Though I have surely spent most of my life lost in distraction, I’ve posed in recitation retreat now for more than a decade.
Though I’ve not gained stability in the path of definite perfection, I’ve gained a bit of acquaintance with devoted training.
What is the use of long explanations and verbosity—
Does that style even impress modern-day people?
Instead, I’ve combined my own limited experience
With a few quotations of the great saints of the past.
With the intention of aiding beginners, my Dharma friends,
Both those living today and those yet to come,
I focused on the ease of understanding as I wrote this.
I apologize to the protectors for any errors and mistakes.
Before, profound instructions were paid for in gold, and practiced. These days people consider just reading books a hardship.
So what more can I hope for than to lend a small hand
To uneducated beginners like myself?
When life is so short, and sudden mishaps abound, We can’t expect to stay long in this degenerate time.
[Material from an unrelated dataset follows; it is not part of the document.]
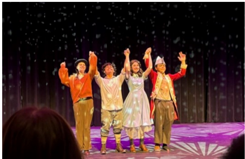
Students performing at Kennedy Center American College Theatre Festival.

Beyond the classroom, the Arts & Humanities Division plays a critical role in supporting and preparing students for their academic success. Student support is provided through the Writing Center and embedded tutoring, with extended hours and online options available to support all student populations. The Arts & Humanities Division also plays a critical role in preparing students for their future careers. One example of this is through our participation in the Pathways to Success Grant.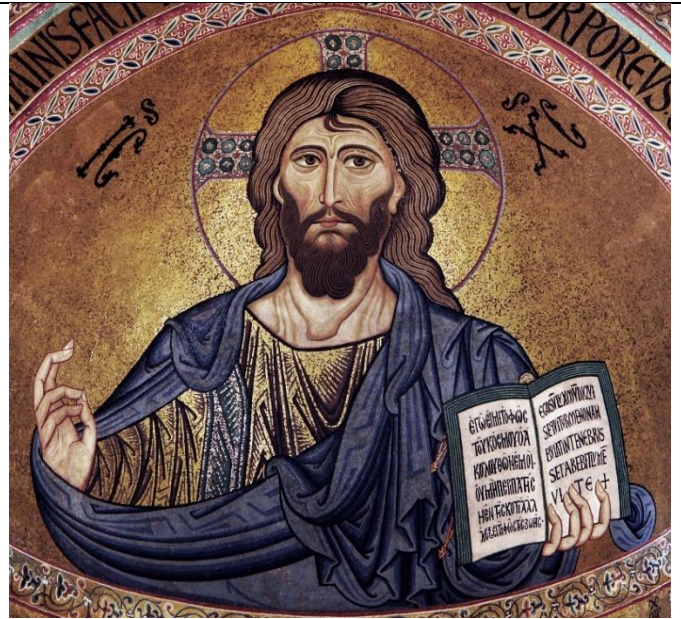
Pantocrator, Cefalù Cathedral, Sicily

So take the essential, core meaning to heart,
And do not squander your lives, my friends.
Since no one can cover the vast span of all there is to know, Why not apply whatever you have learned?
Thus, for this dark age with our minds rife with disturbance, The vajra holders taught this supremely effective method.
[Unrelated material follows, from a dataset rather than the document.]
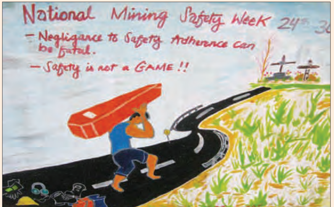
Piksa soim stori bilong seifti kalsa.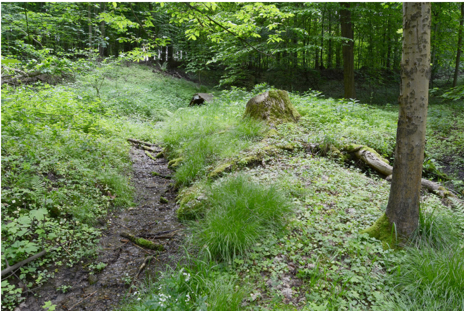
Spring basin, taken from west.

It is said, not just once, but in many secret tantras,
That those who meet this teaching have reached the end of existence.
So now that you have acquired the freedom to choose, Strive as much as you can on the path of the two stages.
The three vajras of innate luminosity are the basis of purification,
The three fleeting experiences and the veil of transference are the object of purification,
Through the process of purification, the practice of the three vajras,
May the result of purification auspiciously manifest in this life.
In order to assist people who are as dull-witted as me I made the aspiration to compose a text that would serve as a supplement to The Great General Guide to Recitation. That text is authored by the lord guru and great vajra holder Lodro Thaye, the emanation body whom the Buddha himself prophesied to be a regent of the Sage in the northern land. He was an assembler of the scriptures on the definitive secret and none other than the lord of secrets, Vajradharma, in person.
Moreover, the supreme emanation body Kunzang Lodro Shenpen Thaye and, more recently, the diligent practitioner Jamyang Losel also both encouraged me with persistent and sincere requests. Finally, my younger brother, Tubten Geleg Gyamtso, and the eminent Lama Shingkyong advised that it would be good to compose it soon.
Even though the elements in my body were disturbed and ravaged me with the force of an ocean, I could not ignore these requests. So I brought the moonlike compassion of the Three Jewels to mind and decided to write.
Thus I, Gyurme Perna Namgyal from Shechen Monastery, authored this text at the Demchog Tashi Gepel Hermitage. May it bring all beings to the level of the all-pervading Lord Vajrasattva in a festival of supreme spiritual attainment, and may this cause the precious, essential teachings of the definitive secret to remain long and flourish.